RNA immunoprecipitation (RIP)

Magna RIP RNA-Binding Protein Immunoprecipitation Kit (Millipore) was applied for RIP assay. Cell lysates obtained using RIP lysis buffer were mixed with magnetic beads coated by anti-Ago2 antibody (Abcam) or anti-IgG (Abcam) as the control in RIP buffer at 4 °C for 4 h. The enrichment of specific RNAs was measured using qRT-PCR.

Statistical analysis

Data with normal distribution were obtained from three independent experiments and shown as mean ± standard deviation (SD). Prism 6.0 software (GraphPad, La Jolla, CA, USA) and SPSS 18.0 software (SPSS, Chicago, IL, USA) were used for statistical analyses, with p < 0.05 as the threshold of significance. Group differences were analyzed using Student’s t-test or analysis of variance (ANOVA). Pearson’s correlation analysis was applied for gene expression correlation.

Results

CircAGFG1 was upregulated in CRC cell lines

First, we tested the expression of circAGFG1 in CRC cell lines (SW480, HCT116, SW620, and HT-29) and human colon mucosal epithelial cell line (NCM460). Results indicated that circAGFG1 was upregulated in CRC cell lines compared with NCM460 cell line (Fig. 1a). The structure diagram and the back-splicing site of circAGFG1 were displayed in Fig. 1b. To confirm the existence of circAGFG1, PCR analysis followed by gel electrophoresis was performed. Results indicated that the fragment between the divergent primers of circAGFG1 could be amplified in cDNA group, not in gDNA group (Fig. 1c). Besides, in CRC cells treated with ActD, the stability of circAGFG1 was higher than that of AGFG1 mRNA (Fig. 1d). Furthermore, we observed that circAGFG1, rather than AGFG1 mRNA, resisted the digestion of RNase R (Fig. 1e). It was also found that the expression of circAGFG1 was conspicuously elevated in CRC tumor tissues in comparison to para-tumor tissues (Fig. 1f). Besides, circAGFG1 expression in tumor tissues from CRC patients with liver metastasis was higher than that in those without liver metastasis (Fig. 1g). These results above confirmed the circular characteristics and high level of circAGFG1 in CRC.

Fig. 1: CircAGFG1 expression was upregulated in CRC cell lines.

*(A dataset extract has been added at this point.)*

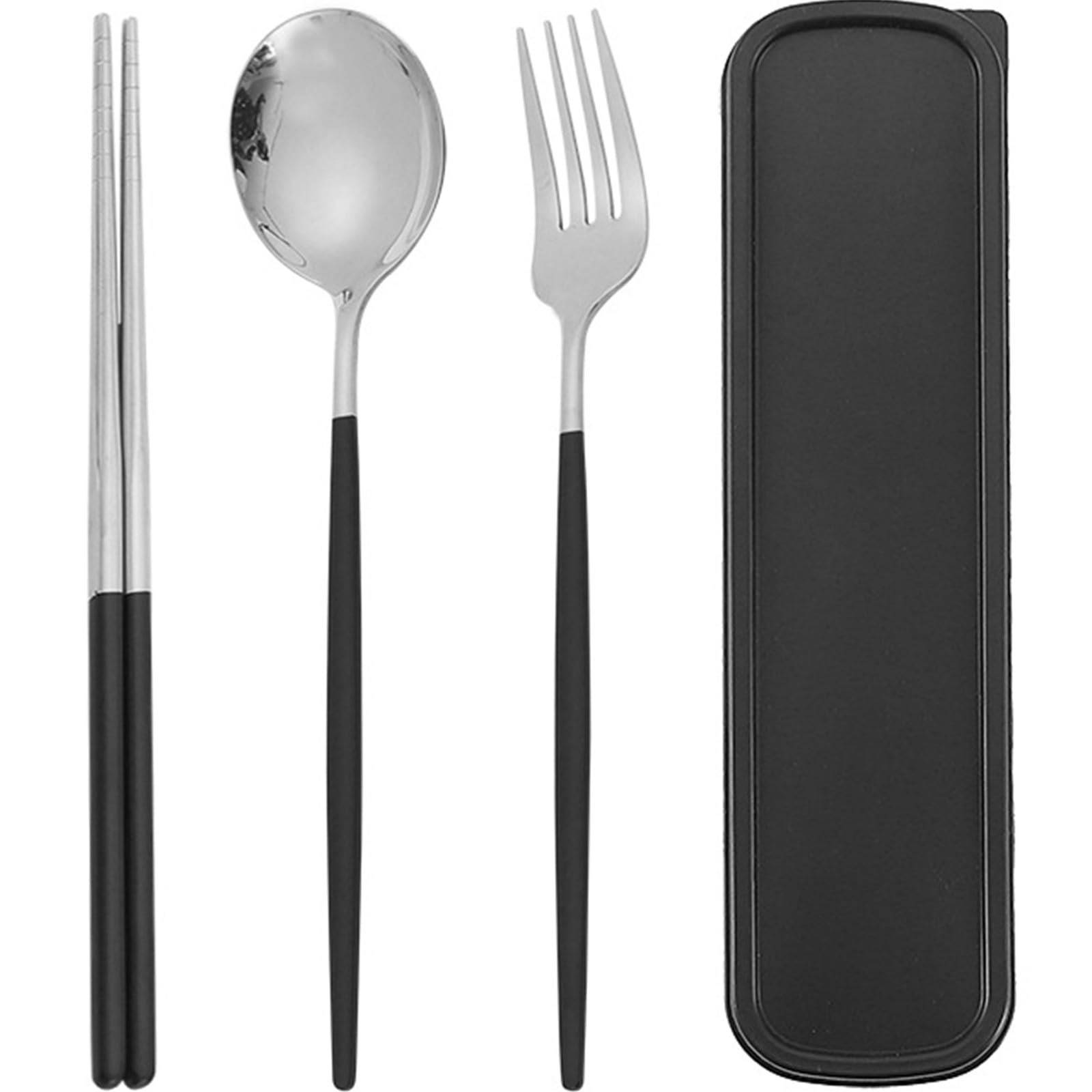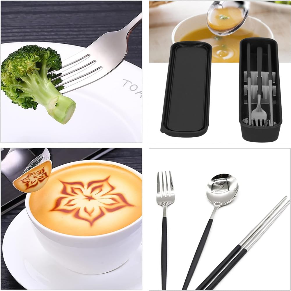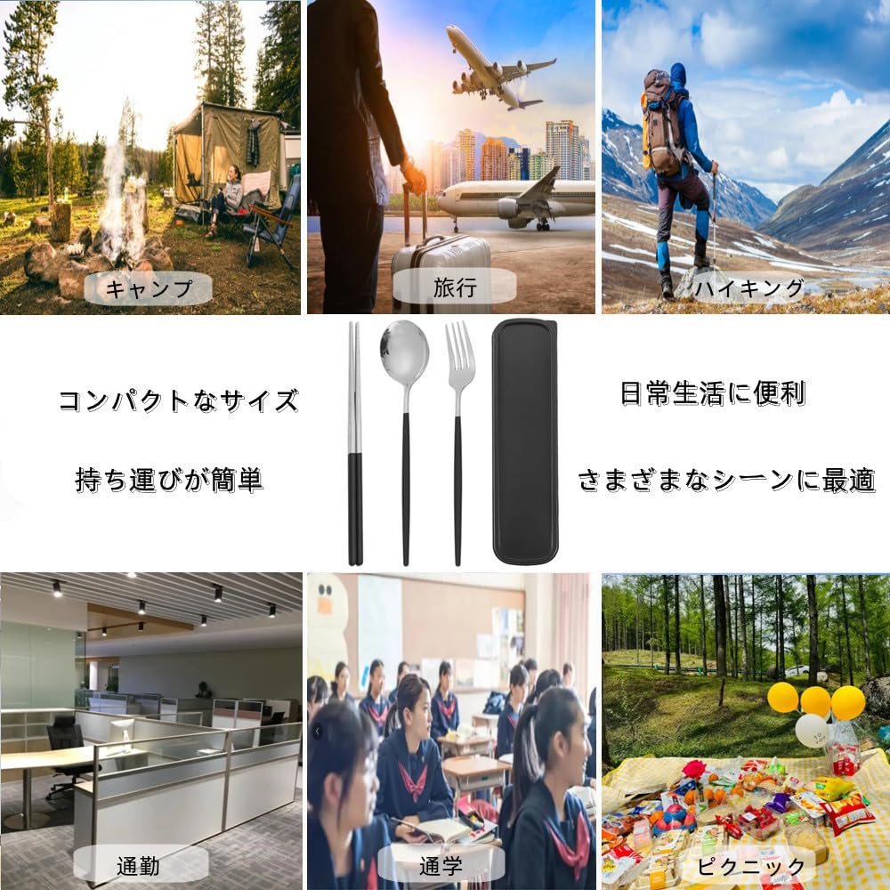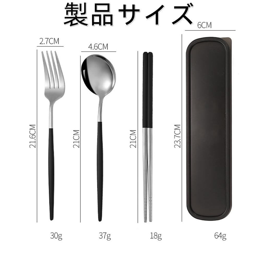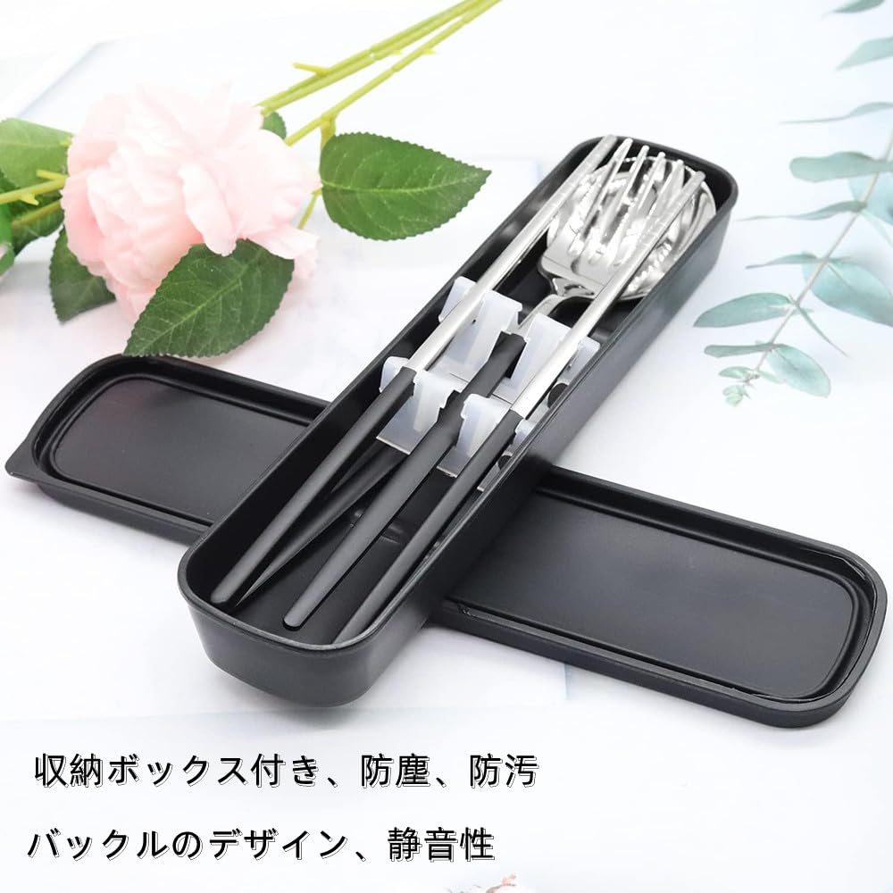 カトラリーセット 3点セット ステンレス鋼 箸 フォーク スプーン 収納ボックス付き 携帯食器セット ランチ 通勤 通学 遠足 弁当箱用 キャンプ用 携帯便利 ブラックシルバー
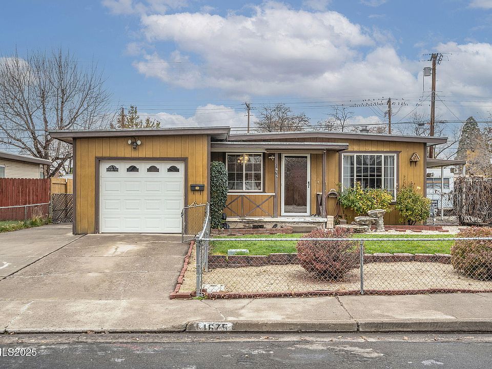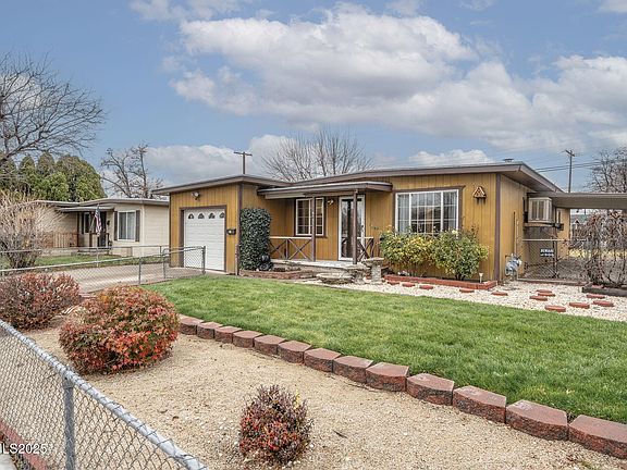 Fantastic starter home or investment opportunity with a touch of nostalgic charm! The inviting floorplan offers an open living room with picture window, separate dining area, and a cozy kitchen brimming with potential! This home includes three generous bedrooms and 2 full baths, including a primary suite with a spacious bathroom featuring an oversized shower and skylight. Two water heaters ensure you'll never run out of hot water! The laundry room doubles as a mudroom with access to both the garage and backyard. There is so much parking here! An extra-long driveway next to the home ensures plenty of parking for all, and additional access for extra vehicles, toys, or RV parking is available through the rear gate off Kietzke. On the opposite side of the home, an aluminum awning creates an ideal space for entertaining or covered parking. In the summer, beautiful Virginia Creeper vines bloom along the rear fence, providing privacy and noise reduction. The expansive yard is fully landscaped with grass, shrubbery, patio space, and xeriscape. Additional highlights include brand-new carpet throughout, new wood-look linoleum in the kitchen and laundry area, central gas heat, newer windows in most rooms, new garage door, and automatic sprinklers. Located in an up-and-coming neighborhood near the Wells Avenue District, close to shopping, schools, and recreation. Don't miss your chance to own for under 400k!

a The expression of circAGFG1 in CRC cell lines and in normal cells was assessed by qRT-PCR. Two CRC cell lines with higher levels of circAGFG1 were adopted for subsequent experiments. b A schematic diagram of the genomic location and splicing pattern of circAGFG1. The back-splicing site was verified by Sanger sequencing. c The existence of circAGFG1 was verified by PCR analysis and gel electrophoresis using convergent or divergent primers. d After ActD treatment, the expression of remaining circAGFG1 or AGFG1 mRNA in CRC cells at different time points was detected by qRT-PCR. e The stability of circAGFG1 under RNase R digestion was higher than that of linear AGFG1. f The expression of circAGFG1 was measured in 30 pairs of CRC tumor tissues and para-tumor tissues. g The expression of circAGFG1 in tumor tissues from CRC patients without liver metastasis (n = 10) or with liver metastasis (n = 20). We repeated the experiments three times to ensure the accuracy of the experiments. ^*P < 0.05, ^**P < 0.01.

CircAGFG1 silencing significantly suppressed cancer progression in CRC cells

To explore the underlying effect of circAGFG1 on CRC progression, loss-of-function assays were conducted. The knockdown efficiency of circAGFG1 in SW480 and HCT116 cells was detected by qRT-PCR (Fig. 2a). CCK-8, colony formation and EdU assays revealed that cell proliferation was observably reduced after circAGFG1 silencing (Fig. 2b–d). Meanwhile, cell apoptosis was elevated by circAGFG1 knockdown (Fig. 2e, f). Besides, cell migration and invasion were hampered by circAGFG1 knockdown (Fig. 2g, h). In addition, sphere formation efficiency was decreased after circAGFG1 knockdown (Fig. 2i). CD133 (a typical marker for stemness) positive cell proportion also declined after circAGFG1 silencing (Fig. 2j). Cell apoptosis related proteins (Bax and Bcl-2), migration-related protein (MMP2) and stemness-related proteins (CD44, SOX2, Oct4, and Nanog) were detected by western blot. The results indicated that Bax expression was increased, and Bcl-2, MMP2, CD44, SOX2, Oct4, and Nanog expressions were decreased in sh-circAGFG1#1/2 groups compared to sh-NC group (Fig. 2k). Collectively, circAGFG1 silencing significantly suppressed cell proliferation, migration, invasion and stemness, and promoted cell apoptosis in CRC.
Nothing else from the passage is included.